# Market Basket Analysis

Market Basket Analysis and Association Rule Mining are crucial for businesses, particularly in retail, to understand consumer behavior and optimize their marketing efforts. Here's a breakdown of how these techniques work and their benefits:

### Key Concepts:
- **Market Basket Analysis**: Involves analyzing customer transactions to determine which products are often purchased together. The goal is to identify associations between different items in a shopping cart. For example, if customers who buy bread often buy butter, this association can be used for cross-selling.
  
- **Association Rule Mining**: This is the mathematical technique behind Market Basket Analysis.
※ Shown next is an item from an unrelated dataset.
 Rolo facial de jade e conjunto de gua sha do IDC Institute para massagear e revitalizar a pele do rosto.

It involves finding relationships between variables in large datasets. In retail, it typically focuses on identifying frequent itemsets and generating rules that describe these relationships.

### Techniques:
1. **Frequent Itemset Mining**: The first step is to identify frequent combinations of items purchased together using algorithms like the **Apriori algorithm** or **FP-Growth**.
   
2. **Association Rules**: After finding frequent itemsets, association rules are generated to describe the relationships between items. These rules are often expressed in the form of "If X, then Y," meaning if a customer buys product X, they are likely to buy product Y as well.
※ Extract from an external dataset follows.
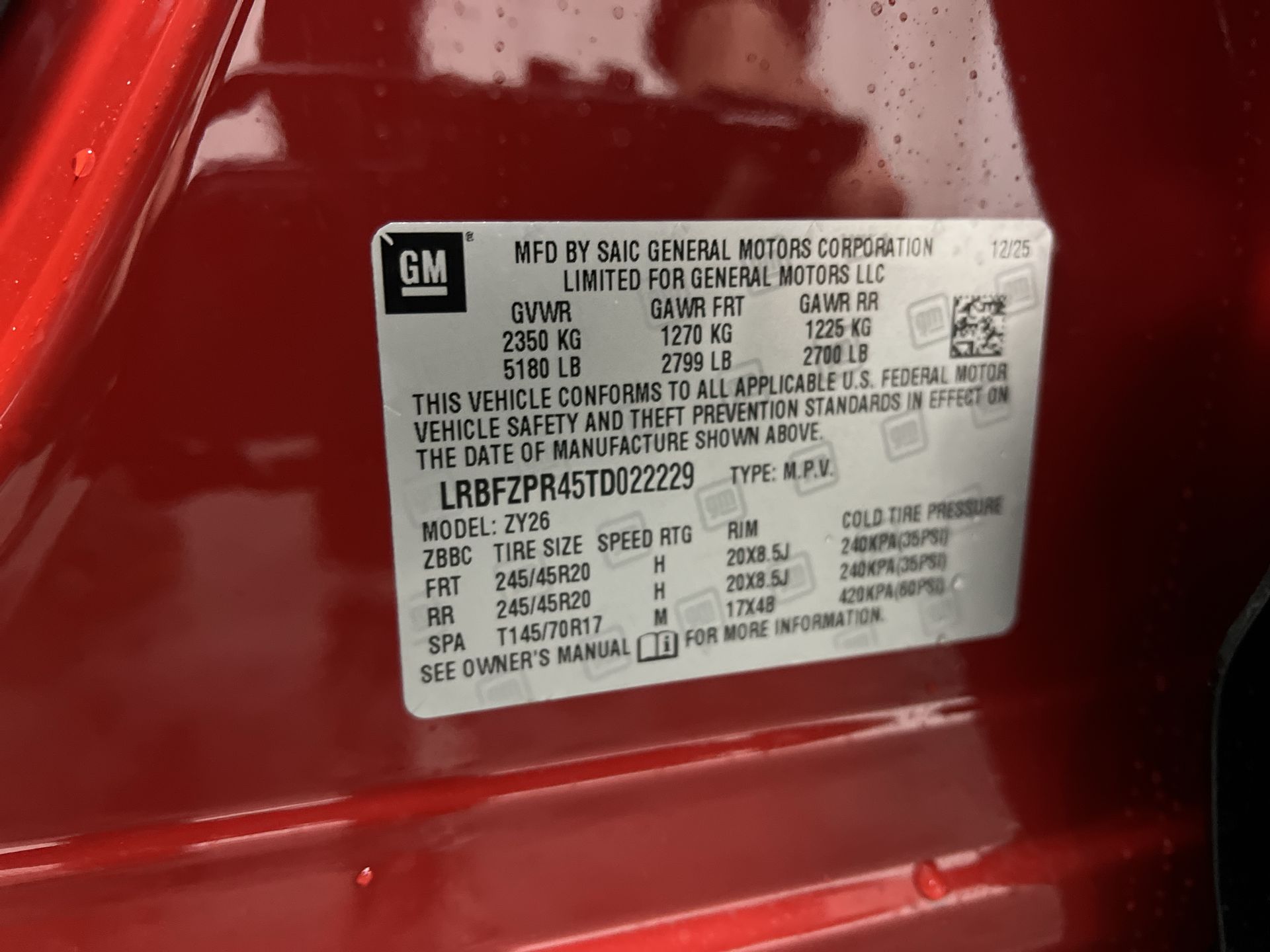 - Tires, P245/45R20 all-season

3. **Metrics Used in Association Rule Mining**:
   - **Support**: The frequency of an itemset appearing in the dataset. It helps to filter out itemsets that don't appear frequently enough to be useful.
   - **Confidence**: A measure of the likelihood that if one item is purchased, another item will also be purchased.
   - **Lift**: The ratio of the observed support of a rule to the expected support if the items were independent. A lift greater than 1 indicates a positive association between the items.

### Applications:
1. **Optimizing Store Layout**: By analyzing which products are frequently bought together, retailers can arrange items in a store or on an e-commerce website in a way that increases cross-selling opportunities.
   
2. **Cross-Selling**: Retailers can recommend complementary products (e.g., recommending a phone case when a customer buys a smartphone).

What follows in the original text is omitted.